(Recorded data)
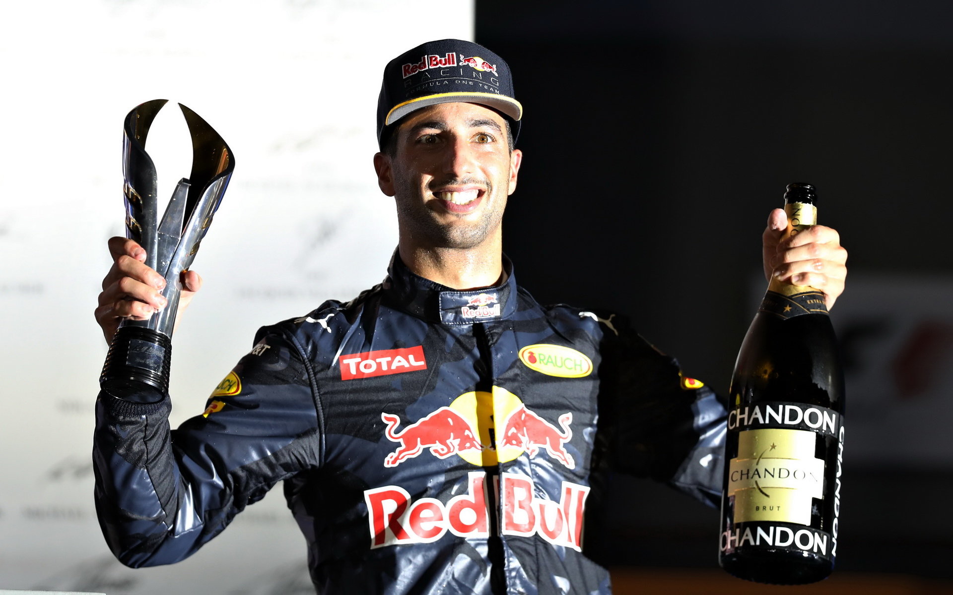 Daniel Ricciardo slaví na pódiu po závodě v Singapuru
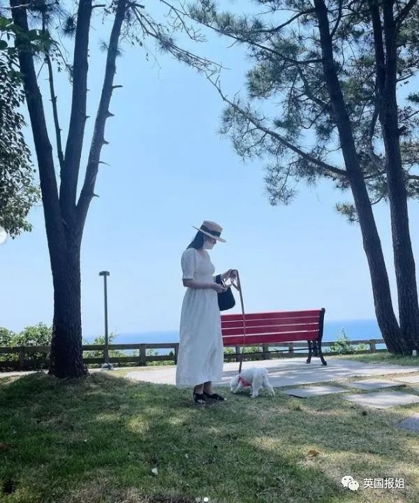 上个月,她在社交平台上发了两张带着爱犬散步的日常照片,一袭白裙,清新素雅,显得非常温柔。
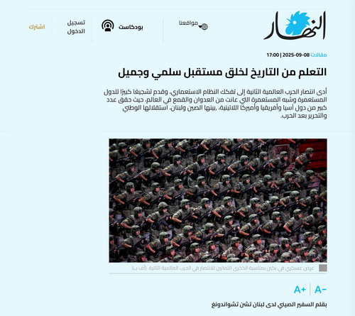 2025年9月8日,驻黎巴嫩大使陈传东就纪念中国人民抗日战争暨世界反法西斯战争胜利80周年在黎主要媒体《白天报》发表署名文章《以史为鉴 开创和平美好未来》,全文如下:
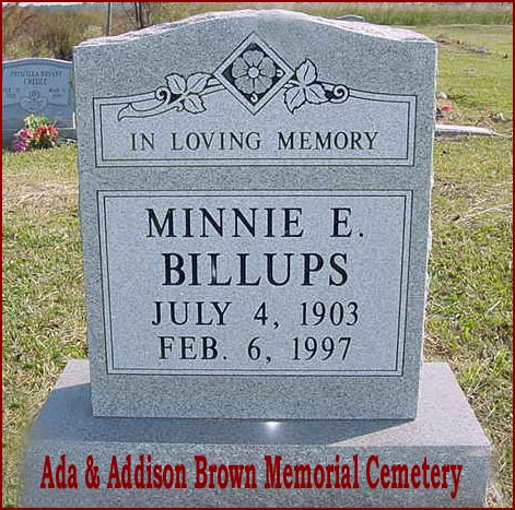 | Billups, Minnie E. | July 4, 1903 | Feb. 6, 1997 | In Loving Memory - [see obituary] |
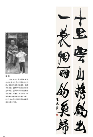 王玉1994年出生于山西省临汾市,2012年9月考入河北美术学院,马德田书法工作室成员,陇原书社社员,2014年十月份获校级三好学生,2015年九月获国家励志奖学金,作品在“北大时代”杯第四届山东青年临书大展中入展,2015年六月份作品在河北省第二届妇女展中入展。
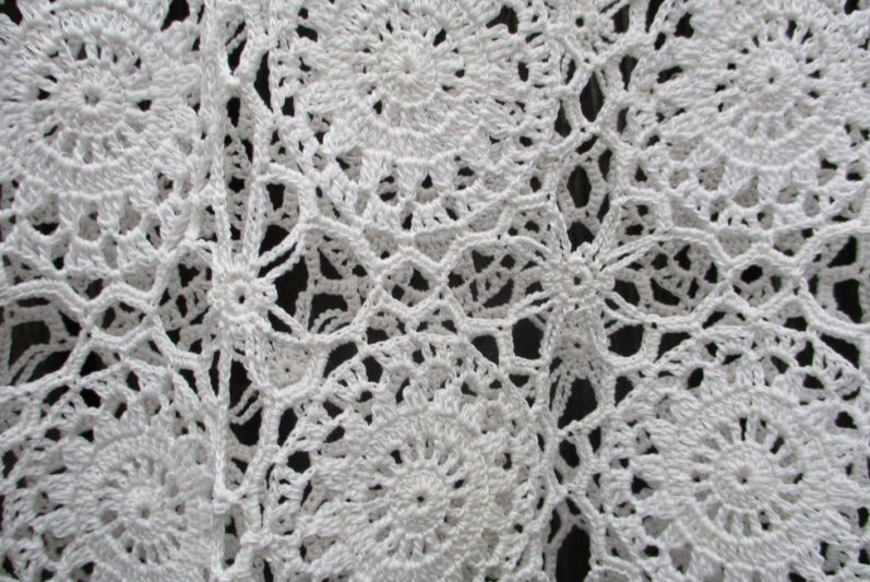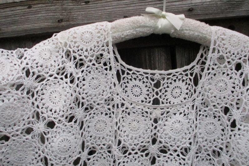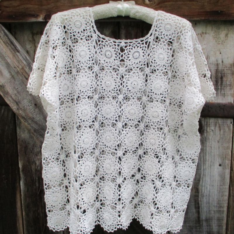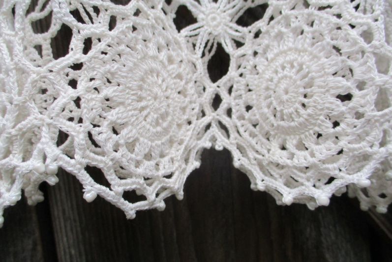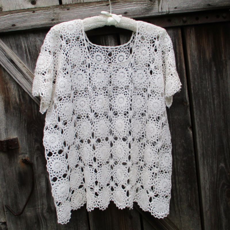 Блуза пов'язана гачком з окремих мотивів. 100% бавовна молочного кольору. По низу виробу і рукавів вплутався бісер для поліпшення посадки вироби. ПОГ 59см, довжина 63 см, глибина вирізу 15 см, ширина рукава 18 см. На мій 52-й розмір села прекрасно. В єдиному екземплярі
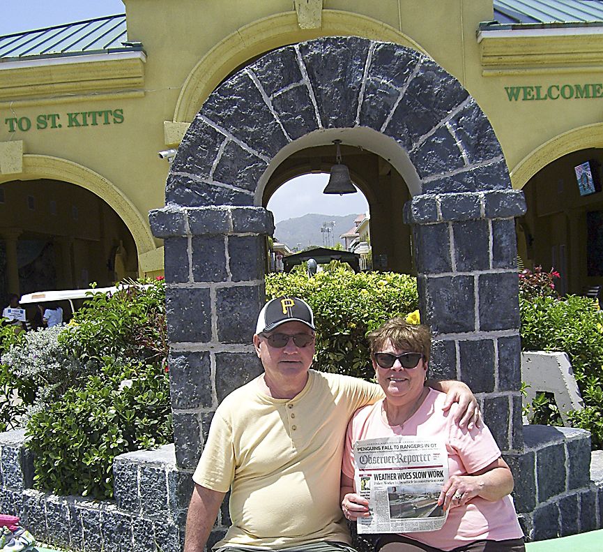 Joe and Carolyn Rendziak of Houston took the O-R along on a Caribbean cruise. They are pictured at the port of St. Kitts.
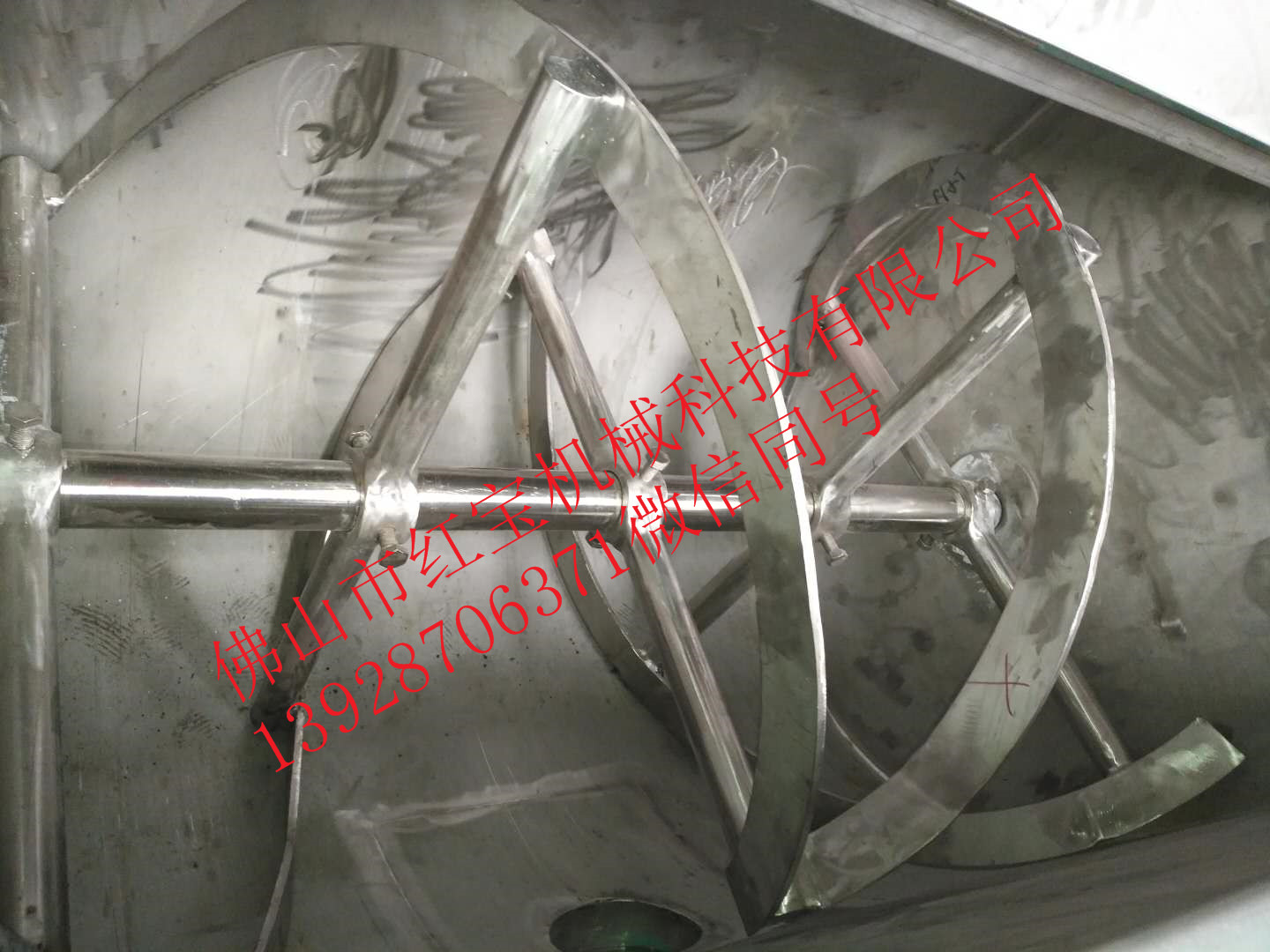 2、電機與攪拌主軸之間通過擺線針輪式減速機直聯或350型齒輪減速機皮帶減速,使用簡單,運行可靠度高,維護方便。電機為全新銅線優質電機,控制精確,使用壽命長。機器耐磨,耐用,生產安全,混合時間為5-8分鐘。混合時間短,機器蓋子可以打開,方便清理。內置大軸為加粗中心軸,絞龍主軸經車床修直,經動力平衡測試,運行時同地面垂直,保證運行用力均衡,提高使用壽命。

### TASK DIRECTIONS
Would you set down the records above once more, exactly, with the pictures removed?

### RESPONSE BOX
 Daniel Ricciardo slaví na pódiu po závodě v Singapuru
 上个月,她在社交平台上发了两张带着爱犬散步的日常照片,一袭白裙,清新素雅,显得非常温柔。
 2025年9月8日,驻黎巴嫩大使陈传东就纪念中国人民抗日战争暨世界反法西斯战争胜利80周年在黎主要媒体《白天报》发表署名文章《以史为鉴 开创和平美好未来》,全文如下:
 | Billups, Minnie E. | July 4, 1903 | Feb. 6, 1997 | In Loving Memory - [see obituary] |
 王玉1994年出生于山西省临汾市,2012年9月考入河北美术学院,马德田书法工作室成员,陇原书社社员,2014年十月份获校级三好学生,2015年九月获国家励志奖学金,作品在“北大时代”杯第四届山东青年临书大展中入展,2015年六月份作品在河北省第二届妇女展中入展。
 Блуза пов'язана гачком з окремих мотивів. 100% бавовна молочного кольору. По низу виробу і рукавів вплутався бісер для поліпшення посадки вироби. ПОГ 59см, довжина 63 см, глибина вирізу 15 см, ширина рукава 18 см. На мій 52-й розмір села прекрасно. В єдиному екземплярі
 Joe and Carolyn Rendziak of Houston took the O-R along on a Caribbean cruise. They are pictured at the port of St. Kitts.
 2、電機與攪拌主軸之間通過擺線針輪式減速機直聯或350型齒輪減速機皮帶減速,使用簡單,運行可靠度高,維護方便。電機為全新銅線優質電機,控制精確,使用壽命長。機器耐磨,耐用,生產安全,混合時間為5-8分鐘。混合時間短,機器蓋子可以打開,方便清理。內置大軸為加粗中心軸,絞龍主軸經車床修直,經動力平衡測試,運行時同地面垂直,保證運行用力均衡,提高使用壽命。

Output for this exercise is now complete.